Available data »
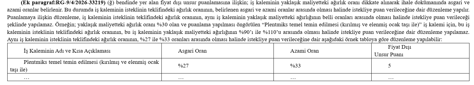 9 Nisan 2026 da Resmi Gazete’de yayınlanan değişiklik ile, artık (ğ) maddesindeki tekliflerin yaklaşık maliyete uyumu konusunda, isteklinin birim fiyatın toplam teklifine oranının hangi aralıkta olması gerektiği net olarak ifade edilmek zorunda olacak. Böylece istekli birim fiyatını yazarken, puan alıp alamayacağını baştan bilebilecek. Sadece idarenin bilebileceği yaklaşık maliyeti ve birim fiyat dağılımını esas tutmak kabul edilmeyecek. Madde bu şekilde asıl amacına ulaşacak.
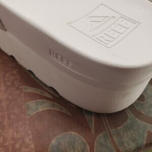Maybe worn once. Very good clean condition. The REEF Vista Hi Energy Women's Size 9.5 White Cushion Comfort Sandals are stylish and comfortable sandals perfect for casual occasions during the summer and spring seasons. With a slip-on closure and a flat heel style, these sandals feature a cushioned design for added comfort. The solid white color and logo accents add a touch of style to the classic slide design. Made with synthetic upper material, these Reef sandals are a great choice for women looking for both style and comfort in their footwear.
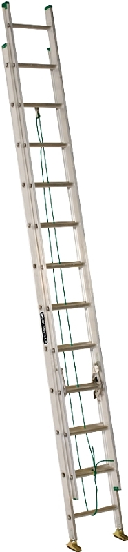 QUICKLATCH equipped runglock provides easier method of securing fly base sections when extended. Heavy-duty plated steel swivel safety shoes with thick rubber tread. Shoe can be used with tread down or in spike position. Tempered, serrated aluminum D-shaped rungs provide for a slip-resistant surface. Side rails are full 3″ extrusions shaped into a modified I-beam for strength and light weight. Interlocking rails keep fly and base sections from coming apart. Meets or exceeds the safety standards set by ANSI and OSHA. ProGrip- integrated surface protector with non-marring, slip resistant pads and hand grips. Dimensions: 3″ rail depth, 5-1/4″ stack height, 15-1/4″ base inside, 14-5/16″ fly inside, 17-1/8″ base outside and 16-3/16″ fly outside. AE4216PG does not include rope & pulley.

Try it » Once the pictures are set aside, please reproduce the remaining material word for word.

Task answer »
 9 Nisan 2026 da Resmi Gazete’de yayınlanan değişiklik ile, artık (ğ) maddesindeki tekliflerin yaklaşık maliyete uyumu konusunda, isteklinin birim fiyatın toplam teklifine oranının hangi aralıkta olması gerektiği net olarak ifade edilmek zorunda olacak. Böylece istekli birim fiyatını yazarken, puan alıp alamayacağını baştan bilebilecek. Sadece idarenin bilebileceği yaklaşık maliyeti ve birim fiyat dağılımını esas tutmak kabul edilmeyecek. Madde bu şekilde asıl amacına ulaşacak.
Maybe worn once. Very good clean condition. The REEF Vista Hi Energy Women's Size 9.5 White Cushion Comfort Sandals are stylish and comfortable sandals perfect for casual occasions during the summer and spring seasons. With a slip-on closure and a flat heel style, these sandals feature a cushioned design for added comfort. The solid white color and logo accents add a touch of style to the classic slide design. Made with synthetic upper material, these Reef sandals are a great choice for women looking for both style and comfort in their footwear.
 QUICKLATCH equipped runglock provides easier method of securing fly base sections when extended. Heavy-duty plated steel swivel safety shoes with thick rubber tread. Shoe can be used with tread down or in spike position. Tempered, serrated aluminum D-shaped rungs provide for a slip-resistant surface. Side rails are full 3″ extrusions shaped into a modified I-beam for strength and light weight. Interlocking rails keep fly and base sections from coming apart. Meets or exceeds the safety standards set by ANSI and OSHA. ProGrip- integrated surface protector with non-marring, slip resistant pads and hand grips. Dimensions: 3″ rail depth, 5-1/4″ stack height, 15-1/4″ base inside, 14-5/16″ fly inside, 17-1/8″ base outside and 16-3/16″ fly outside. AE4216PG does not include rope & pulley.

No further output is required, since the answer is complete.